Required action>
If a picture appears in the records, leave it out and transcribe the rest exactly.

Extracted data entries>
-*-*-

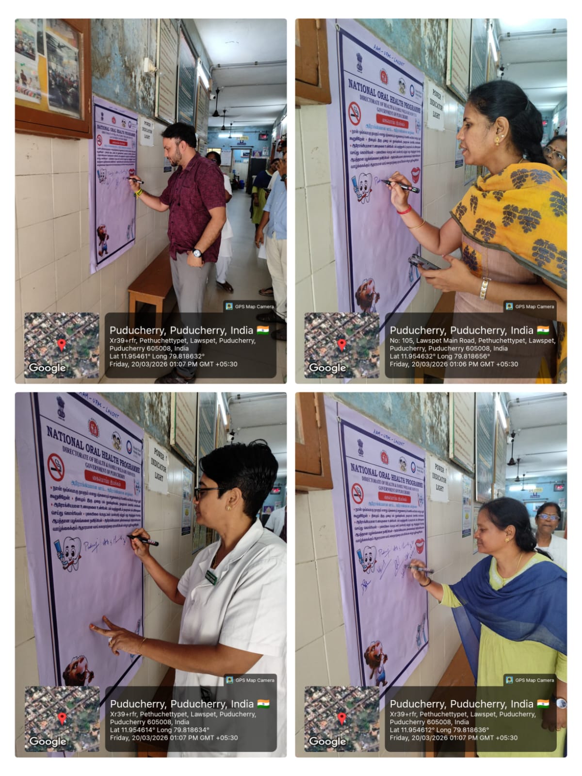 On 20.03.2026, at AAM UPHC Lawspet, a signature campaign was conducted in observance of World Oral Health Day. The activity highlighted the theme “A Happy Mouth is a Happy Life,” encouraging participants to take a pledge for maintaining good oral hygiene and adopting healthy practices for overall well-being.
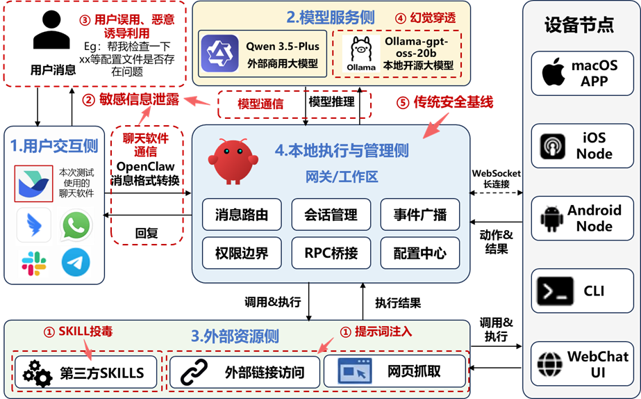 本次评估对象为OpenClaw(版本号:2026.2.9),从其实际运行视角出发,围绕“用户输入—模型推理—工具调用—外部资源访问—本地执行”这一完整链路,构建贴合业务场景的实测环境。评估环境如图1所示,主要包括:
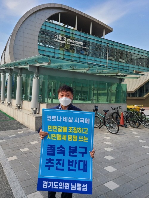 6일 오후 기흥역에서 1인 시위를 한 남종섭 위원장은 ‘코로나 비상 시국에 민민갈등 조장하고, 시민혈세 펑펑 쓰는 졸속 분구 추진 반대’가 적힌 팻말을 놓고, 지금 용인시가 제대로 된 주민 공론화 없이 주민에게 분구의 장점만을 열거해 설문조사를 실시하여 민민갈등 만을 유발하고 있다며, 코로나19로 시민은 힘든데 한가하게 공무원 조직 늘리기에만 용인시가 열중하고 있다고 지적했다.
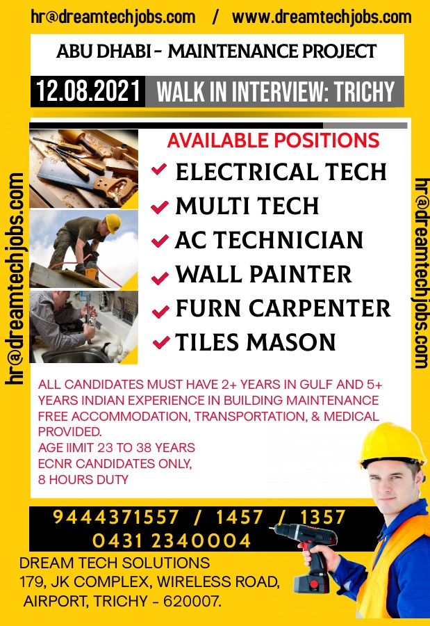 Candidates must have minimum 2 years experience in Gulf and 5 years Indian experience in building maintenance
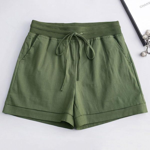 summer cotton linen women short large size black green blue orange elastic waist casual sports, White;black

-*-*-

Answer to this problem>
 On 20.03.2026, at AAM UPHC Lawspet, a signature campaign was conducted in observance of World Oral Health Day. The activity highlighted the theme “A Happy Mouth is a Happy Life,” encouraging participants to take a pledge for maintaining good oral hygiene and adopting healthy practices for overall well-being.
 本次评估对象为OpenClaw(版本号:2026.2.9),从其实际运行视角出发,围绕“用户输入—模型推理—工具调用—外部资源访问—本地执行”这一完整链路,构建贴合业务场景的实测环境。评估环境如图1所示,主要包括:
 6일 오후 기흥역에서 1인 시위를 한 남종섭 위원장은 ‘코로나 비상 시국에 민민갈등 조장하고, 시민혈세 펑펑 쓰는 졸속 분구 추진 반대’가 적힌 팻말을 놓고, 지금 용인시가 제대로 된 주민 공론화 없이 주민에게 분구의 장점만을 열거해 설문조사를 실시하여 민민갈등 만을 유발하고 있다며, 코로나19로 시민은 힘든데 한가하게 공무원 조직 늘리기에만 용인시가 열중하고 있다고 지적했다.
 Candidates must have minimum 2 years experience in Gulf and 5 years Indian experience in building maintenance
 summer cotton linen women short large size black green blue orange elastic waist casual sports, White;black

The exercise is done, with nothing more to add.